- Opening Delimiter -
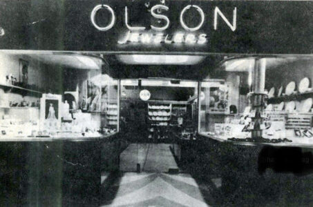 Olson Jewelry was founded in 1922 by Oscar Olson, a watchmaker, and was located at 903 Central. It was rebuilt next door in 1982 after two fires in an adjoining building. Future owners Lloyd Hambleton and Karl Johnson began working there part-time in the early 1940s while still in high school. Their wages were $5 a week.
- Closing Delimiter -
- Opening Delimiter -
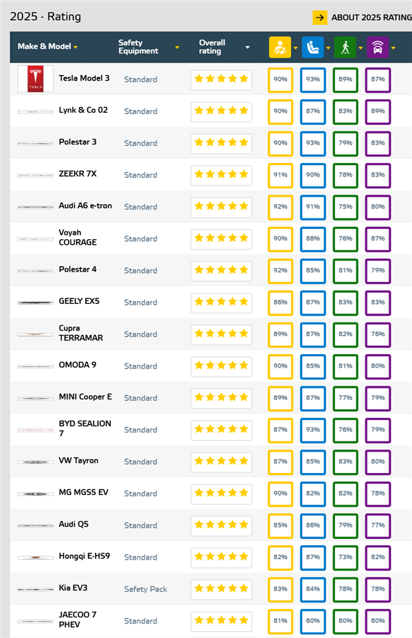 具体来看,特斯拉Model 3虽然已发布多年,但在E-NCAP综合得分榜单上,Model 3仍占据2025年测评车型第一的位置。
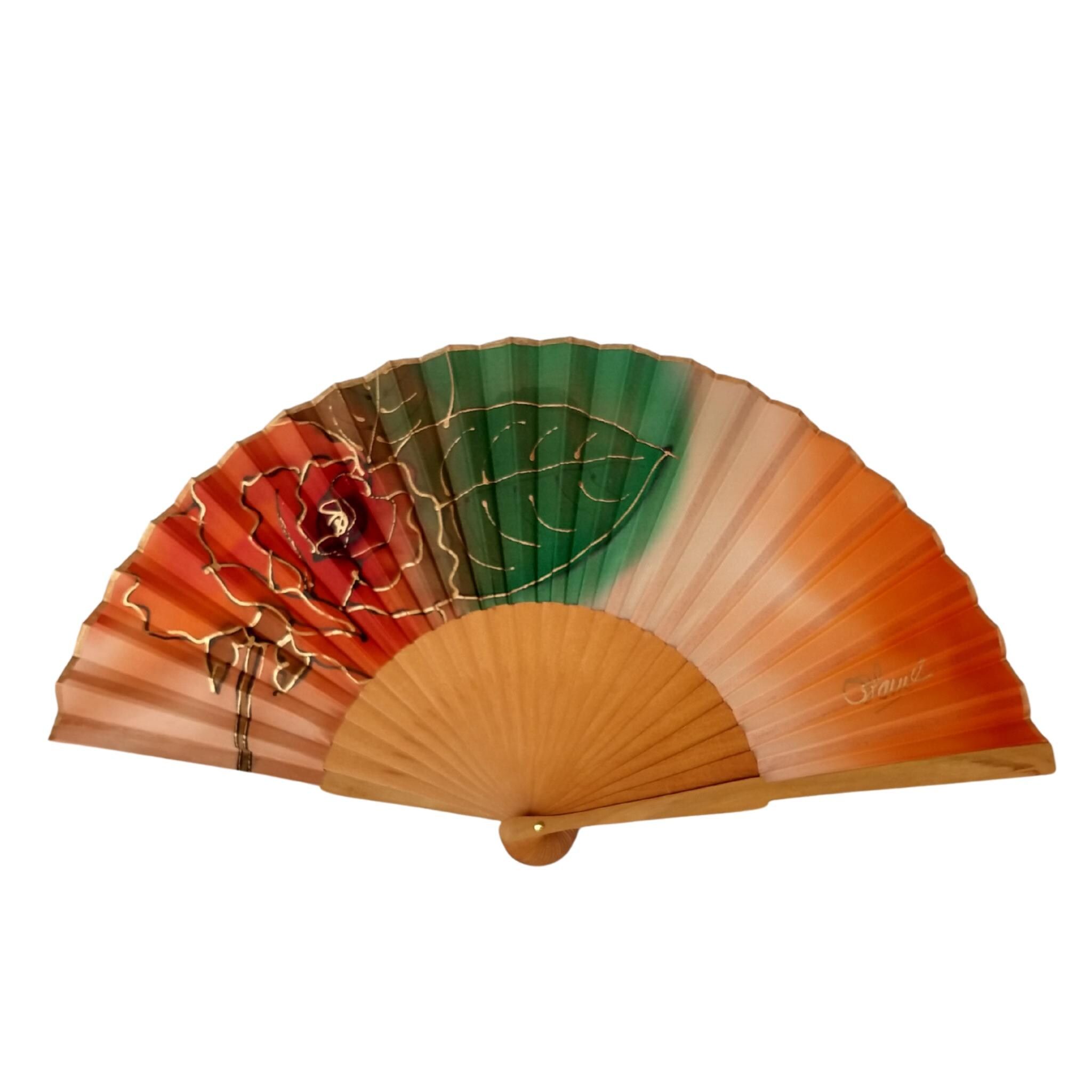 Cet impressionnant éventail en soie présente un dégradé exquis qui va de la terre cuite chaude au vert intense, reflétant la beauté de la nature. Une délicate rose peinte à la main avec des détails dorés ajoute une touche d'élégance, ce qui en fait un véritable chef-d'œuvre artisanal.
- Closing Delimiter -
Task brief.
Copy only what runs above from the line containing "具体来看,特斯拉Model 3虽然已发布多年,但在E-NCAP综合得分榜单上,Model 3仍占据2025年测评车型第一的位置。" through the line containing "Cet impressionnant éventail", exactly. Leave out the pictures.

Answer to the problem.
 具体来看,特斯拉Model 3虽然已发布多年,但在E-NCAP综合得分榜单上,Model 3仍占据2025年测评车型第一的位置。
 Cet impressionnant éventail en soie présente un dégradé exquis qui va de la terre cuite chaude au vert intense, reflétant la beauté de la nature. Une délicate rose peinte à la main avec des détails dorés ajoute une touche d'élégance, ce qui en fait un véritable chef-d'œuvre artisanal.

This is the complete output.